__Work request__
Where an entry contains an image, leave the image out; restate everything else exactly.

★ ★ ★ ★

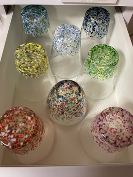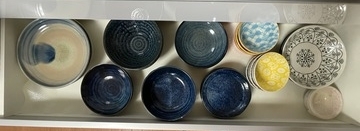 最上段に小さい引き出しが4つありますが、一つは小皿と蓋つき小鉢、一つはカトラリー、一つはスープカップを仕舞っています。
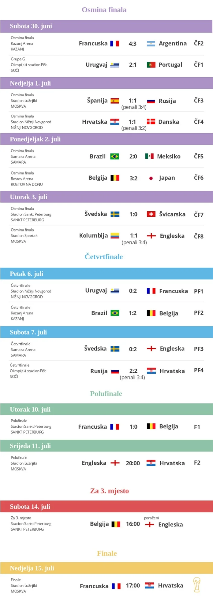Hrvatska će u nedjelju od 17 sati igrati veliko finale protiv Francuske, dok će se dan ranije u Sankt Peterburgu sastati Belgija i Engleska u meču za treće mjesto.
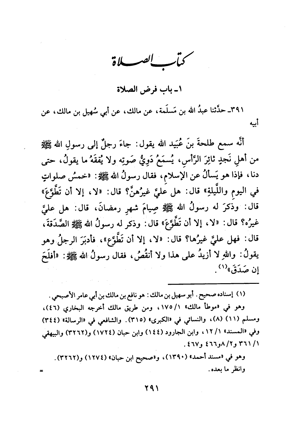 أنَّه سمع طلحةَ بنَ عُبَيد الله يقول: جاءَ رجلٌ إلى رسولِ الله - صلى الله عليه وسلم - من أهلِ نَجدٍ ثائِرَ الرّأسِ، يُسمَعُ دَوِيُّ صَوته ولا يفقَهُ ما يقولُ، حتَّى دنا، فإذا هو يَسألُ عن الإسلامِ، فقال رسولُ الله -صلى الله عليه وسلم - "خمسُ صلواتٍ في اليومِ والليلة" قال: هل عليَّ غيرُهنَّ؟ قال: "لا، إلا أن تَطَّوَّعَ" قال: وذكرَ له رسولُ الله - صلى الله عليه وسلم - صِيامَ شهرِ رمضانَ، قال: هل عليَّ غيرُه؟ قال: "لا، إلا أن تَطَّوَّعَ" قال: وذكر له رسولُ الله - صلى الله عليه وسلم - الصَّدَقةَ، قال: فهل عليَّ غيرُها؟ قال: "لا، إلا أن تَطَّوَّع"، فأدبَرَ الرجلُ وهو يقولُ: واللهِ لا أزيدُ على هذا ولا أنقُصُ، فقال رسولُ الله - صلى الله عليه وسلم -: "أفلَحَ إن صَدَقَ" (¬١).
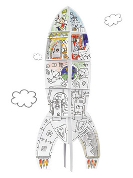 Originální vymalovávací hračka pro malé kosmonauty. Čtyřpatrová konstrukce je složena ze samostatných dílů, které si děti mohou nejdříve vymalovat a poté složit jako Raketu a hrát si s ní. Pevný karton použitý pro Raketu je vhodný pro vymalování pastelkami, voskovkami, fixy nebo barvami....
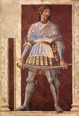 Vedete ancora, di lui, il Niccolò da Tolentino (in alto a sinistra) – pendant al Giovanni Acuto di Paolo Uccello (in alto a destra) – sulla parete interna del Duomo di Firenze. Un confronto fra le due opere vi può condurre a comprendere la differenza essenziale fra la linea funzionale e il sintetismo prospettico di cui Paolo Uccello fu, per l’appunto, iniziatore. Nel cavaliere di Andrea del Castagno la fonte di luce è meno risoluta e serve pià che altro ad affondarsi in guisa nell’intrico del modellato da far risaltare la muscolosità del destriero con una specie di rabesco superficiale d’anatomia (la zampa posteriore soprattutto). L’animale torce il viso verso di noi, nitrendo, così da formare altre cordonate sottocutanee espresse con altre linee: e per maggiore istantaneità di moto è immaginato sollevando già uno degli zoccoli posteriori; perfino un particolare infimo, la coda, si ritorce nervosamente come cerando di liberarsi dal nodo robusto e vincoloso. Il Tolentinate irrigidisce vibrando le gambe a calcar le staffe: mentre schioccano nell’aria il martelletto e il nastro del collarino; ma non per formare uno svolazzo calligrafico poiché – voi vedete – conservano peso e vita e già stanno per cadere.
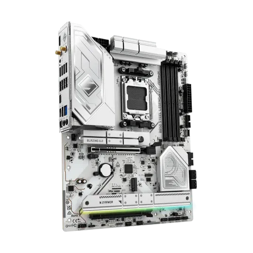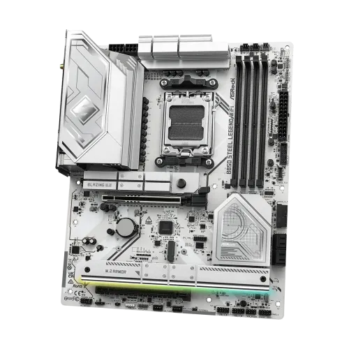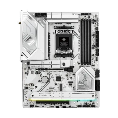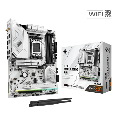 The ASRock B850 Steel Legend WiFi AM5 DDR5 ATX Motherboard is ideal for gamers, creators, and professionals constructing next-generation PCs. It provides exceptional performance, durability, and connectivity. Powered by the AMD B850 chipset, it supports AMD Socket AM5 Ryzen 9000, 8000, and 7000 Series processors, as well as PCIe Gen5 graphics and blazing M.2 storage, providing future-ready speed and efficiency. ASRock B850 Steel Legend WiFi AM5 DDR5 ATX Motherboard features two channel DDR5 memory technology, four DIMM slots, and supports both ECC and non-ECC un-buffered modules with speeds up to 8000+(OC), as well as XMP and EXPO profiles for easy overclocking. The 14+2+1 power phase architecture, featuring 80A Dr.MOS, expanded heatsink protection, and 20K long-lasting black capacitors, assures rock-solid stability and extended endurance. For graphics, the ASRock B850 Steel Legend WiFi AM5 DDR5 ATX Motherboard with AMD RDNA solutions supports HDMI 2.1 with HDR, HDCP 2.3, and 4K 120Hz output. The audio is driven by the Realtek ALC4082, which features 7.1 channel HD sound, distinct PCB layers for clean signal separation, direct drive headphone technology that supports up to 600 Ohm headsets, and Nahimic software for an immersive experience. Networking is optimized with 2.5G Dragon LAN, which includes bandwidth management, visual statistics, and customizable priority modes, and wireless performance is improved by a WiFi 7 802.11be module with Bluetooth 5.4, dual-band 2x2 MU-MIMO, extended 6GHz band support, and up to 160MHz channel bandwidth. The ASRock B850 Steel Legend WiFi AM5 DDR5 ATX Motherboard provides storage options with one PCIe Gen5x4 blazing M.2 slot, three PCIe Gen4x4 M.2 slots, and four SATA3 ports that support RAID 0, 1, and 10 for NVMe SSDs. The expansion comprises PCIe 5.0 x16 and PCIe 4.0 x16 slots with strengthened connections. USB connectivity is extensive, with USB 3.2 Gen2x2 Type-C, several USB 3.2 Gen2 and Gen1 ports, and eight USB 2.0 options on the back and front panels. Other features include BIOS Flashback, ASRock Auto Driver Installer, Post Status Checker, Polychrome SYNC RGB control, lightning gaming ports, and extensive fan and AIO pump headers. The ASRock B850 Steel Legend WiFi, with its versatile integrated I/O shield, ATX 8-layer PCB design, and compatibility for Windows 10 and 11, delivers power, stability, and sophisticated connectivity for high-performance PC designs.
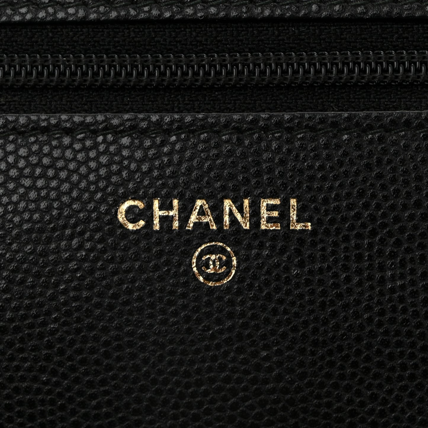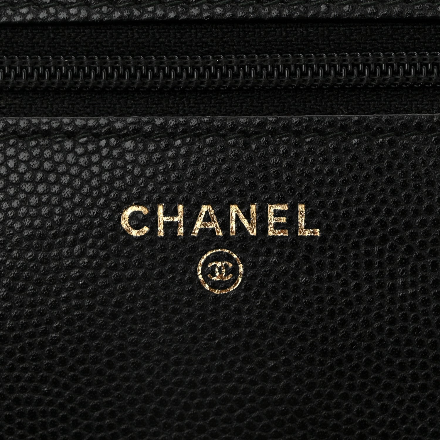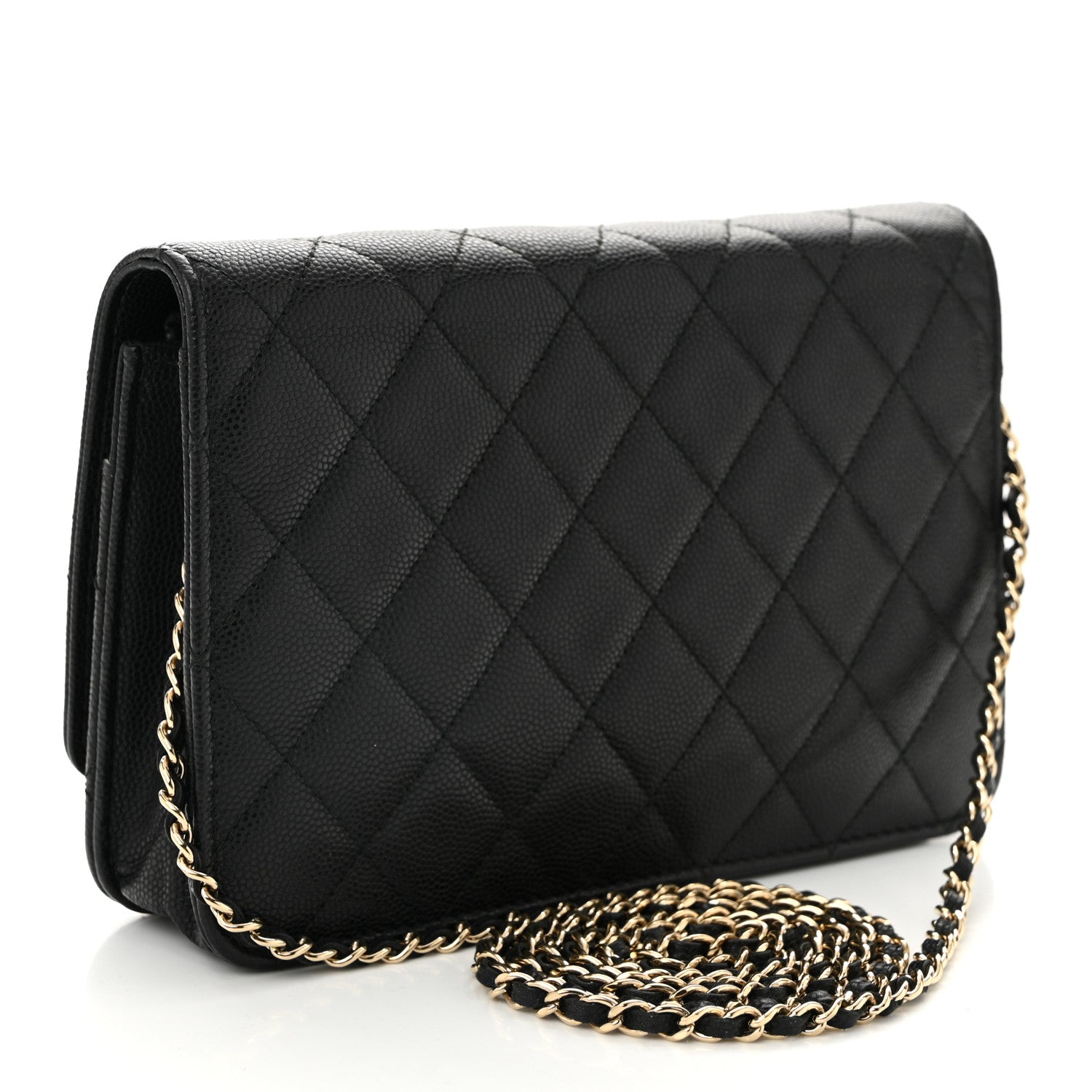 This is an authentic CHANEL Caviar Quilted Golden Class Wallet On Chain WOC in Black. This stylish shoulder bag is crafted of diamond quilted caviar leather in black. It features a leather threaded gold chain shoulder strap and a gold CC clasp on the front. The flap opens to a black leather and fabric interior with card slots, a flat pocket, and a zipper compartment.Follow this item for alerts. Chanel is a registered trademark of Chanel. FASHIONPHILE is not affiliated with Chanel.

★ ★ ★ ★

__Task result__
 最上段に小さい引き出しが4つありますが、一つは小皿と蓋つき小鉢、一つはカトラリー、一つはスープカップを仕舞っています。
Hrvatska će u nedjelju od 17 sati igrati veliko finale protiv Francuske, dok će se dan ranije u Sankt Peterburgu sastati Belgija i Engleska u meču za treće mjesto.
 أنَّه سمع طلحةَ بنَ عُبَيد الله يقول: جاءَ رجلٌ إلى رسولِ الله - صلى الله عليه وسلم - من أهلِ نَجدٍ ثائِرَ الرّأسِ، يُسمَعُ دَوِيُّ صَوته ولا يفقَهُ ما يقولُ، حتَّى دنا، فإذا هو يَسألُ عن الإسلامِ، فقال رسولُ الله -صلى الله عليه وسلم - "خمسُ صلواتٍ في اليومِ والليلة" قال: هل عليَّ غيرُهنَّ؟ قال: "لا، إلا أن تَطَّوَّعَ" قال: وذكرَ له رسولُ الله - صلى الله عليه وسلم - صِيامَ شهرِ رمضانَ، قال: هل عليَّ غيرُه؟ قال: "لا، إلا أن تَطَّوَّعَ" قال: وذكر له رسولُ الله - صلى الله عليه وسلم - الصَّدَقةَ، قال: فهل عليَّ غيرُها؟ قال: "لا، إلا أن تَطَّوَّع"، فأدبَرَ الرجلُ وهو يقولُ: واللهِ لا أزيدُ على هذا ولا أنقُصُ، فقال رسولُ الله - صلى الله عليه وسلم -: "أفلَحَ إن صَدَقَ" (¬١).
 Originální vymalovávací hračka pro malé kosmonauty. Čtyřpatrová konstrukce je složena ze samostatných dílů, které si děti mohou nejdříve vymalovat a poté složit jako Raketu a hrát si s ní. Pevný karton použitý pro Raketu je vhodný pro vymalování pastelkami, voskovkami, fixy nebo barvami....
 Vedete ancora, di lui, il Niccolò da Tolentino (in alto a sinistra) – pendant al Giovanni Acuto di Paolo Uccello (in alto a destra) – sulla parete interna del Duomo di Firenze. Un confronto fra le due opere vi può condurre a comprendere la differenza essenziale fra la linea funzionale e il sintetismo prospettico di cui Paolo Uccello fu, per l’appunto, iniziatore. Nel cavaliere di Andrea del Castagno la fonte di luce è meno risoluta e serve pià che altro ad affondarsi in guisa nell’intrico del modellato da far risaltare la muscolosità del destriero con una specie di rabesco superficiale d’anatomia (la zampa posteriore soprattutto). L’animale torce il viso verso di noi, nitrendo, così da formare altre cordonate sottocutanee espresse con altre linee: e per maggiore istantaneità di moto è immaginato sollevando già uno degli zoccoli posteriori; perfino un particolare infimo, la coda, si ritorce nervosamente come cerando di liberarsi dal nodo robusto e vincoloso. Il Tolentinate irrigidisce vibrando le gambe a calcar le staffe: mentre schioccano nell’aria il martelletto e il nastro del collarino; ma non per formare uno svolazzo calligrafico poiché – voi vedete – conservano peso e vita e già stanno per cadere.
 The ASRock B850 Steel Legend WiFi AM5 DDR5 ATX Motherboard is ideal for gamers, creators, and professionals constructing next-generation PCs. It provides exceptional performance, durability, and connectivity. Powered by the AMD B850 chipset, it supports AMD Socket AM5 Ryzen 9000, 8000, and 7000 Series processors, as well as PCIe Gen5 graphics and blazing M.2 storage, providing future-ready speed and efficiency. ASRock B850 Steel Legend WiFi AM5 DDR5 ATX Motherboard features two channel DDR5 memory technology, four DIMM slots, and supports both ECC and non-ECC un-buffered modules with speeds up to 8000+(OC), as well as XMP and EXPO profiles for easy overclocking. The 14+2+1 power phase architecture, featuring 80A Dr.MOS, expanded heatsink protection, and 20K long-lasting black capacitors, assures rock-solid stability and extended endurance. For graphics, the ASRock B850 Steel Legend WiFi AM5 DDR5 ATX Motherboard with AMD RDNA solutions supports HDMI 2.1 with HDR, HDCP 2.3, and 4K 120Hz output. The audio is driven by the Realtek ALC4082, which features 7.1 channel HD sound, distinct PCB layers for clean signal separation, direct drive headphone technology that supports up to 600 Ohm headsets, and Nahimic software for an immersive experience. Networking is optimized with 2.5G Dragon LAN, which includes bandwidth management, visual statistics, and customizable priority modes, and wireless performance is improved by a WiFi 7 802.11be module with Bluetooth 5.4, dual-band 2x2 MU-MIMO, extended 6GHz band support, and up to 160MHz channel bandwidth. The ASRock B850 Steel Legend WiFi AM5 DDR5 ATX Motherboard provides storage options with one PCIe Gen5x4 blazing M.2 slot, three PCIe Gen4x4 M.2 slots, and four SATA3 ports that support RAID 0, 1, and 10 for NVMe SSDs. The expansion comprises PCIe 5.0 x16 and PCIe 4.0 x16 slots with strengthened connections. USB connectivity is extensive, with USB 3.2 Gen2x2 Type-C, several USB 3.2 Gen2 and Gen1 ports, and eight USB 2.0 options on the back and front panels. Other features include BIOS Flashback, ASRock Auto Driver Installer, Post Status Checker, Polychrome SYNC RGB control, lightning gaming ports, and extensive fan and AIO pump headers. The ASRock B850 Steel Legend WiFi, with its versatile integrated I/O shield, ATX 8-layer PCB design, and compatibility for Windows 10 and 11, delivers power, stability, and sophisticated connectivity for high-performance PC designs.
 This is an authentic CHANEL Caviar Quilted Golden Class Wallet On Chain WOC in Black. This stylish shoulder bag is crafted of diamond quilted caviar leather in black. It features a leather threaded gold chain shoulder strap and a gold CC clasp on the front. The flap opens to a black leather and fabric interior with card slots, a flat pocket, and a zipper compartment.Follow this item for alerts. Chanel is a registered trademark of Chanel. FASHIONPHILE is not affiliated with Chanel.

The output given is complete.